关键词:
Neurons
Neural networks
Maps
Algorithms
Human subjects
Artificial intelligence
Computer science
摘要:
Machine learning is being applied in various critical applications like healthcare. In order to be able to trust a machine learning model and to repair it once it malfunctions, it is important to be able to interpret its decision-making. For example, if a model's performance is poor on a specific subgroup (gender, race, etc), it is important to find out why and fix it. In this thesis, we examine the drawbacks of existing interpretability methods and introduce new ML interpretability algorithms that are designed to tackle some of the shortcomings. Data is the labor that trains machine learning models. It is not possible to interpret an ML model's behavior without going back to the data that trained it in the first place. A fundamental challenge is how to quantify the contribution of each source of data to the model's performance.

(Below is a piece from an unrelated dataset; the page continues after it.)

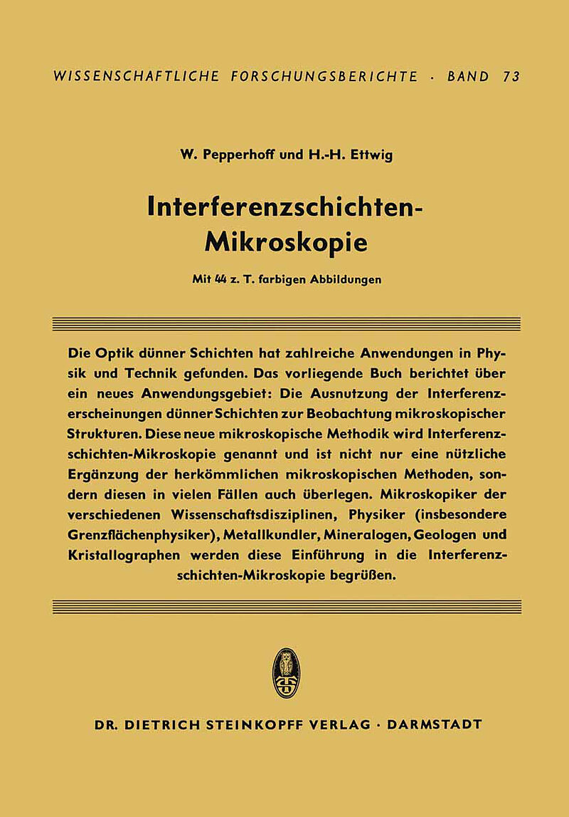 Die Optik dunner Schichten hat zahlreiche Anwendungen in Physik und Technik gefunden. In der vorliegenden Schrift wird uber ein neueres Anwendungsgebiet berichtet: die Ausnutzung der Interferenzerscheinung dunner Schichten zur Be obachtung mikroskopischer Stru...

For example, in healthcare and consumer markets, it has been suggested that individuals should be compensated for the data that they generate, but it is not clear what is an equitable valuation for individual datum. In this thesis, we discuss principled frameworks for equitable valuation of data; that is, given a learning algorithm and a performance metric that quantifies the performance of the resulting model, we try to find the contribution of individual datum. This thesis is divided in 3 sections, machine learning interpretability and fairness, data valuation, and machine learning for healthcare - all linked by the common goal of making the use of machine learning more responsible for the benefit of human beings.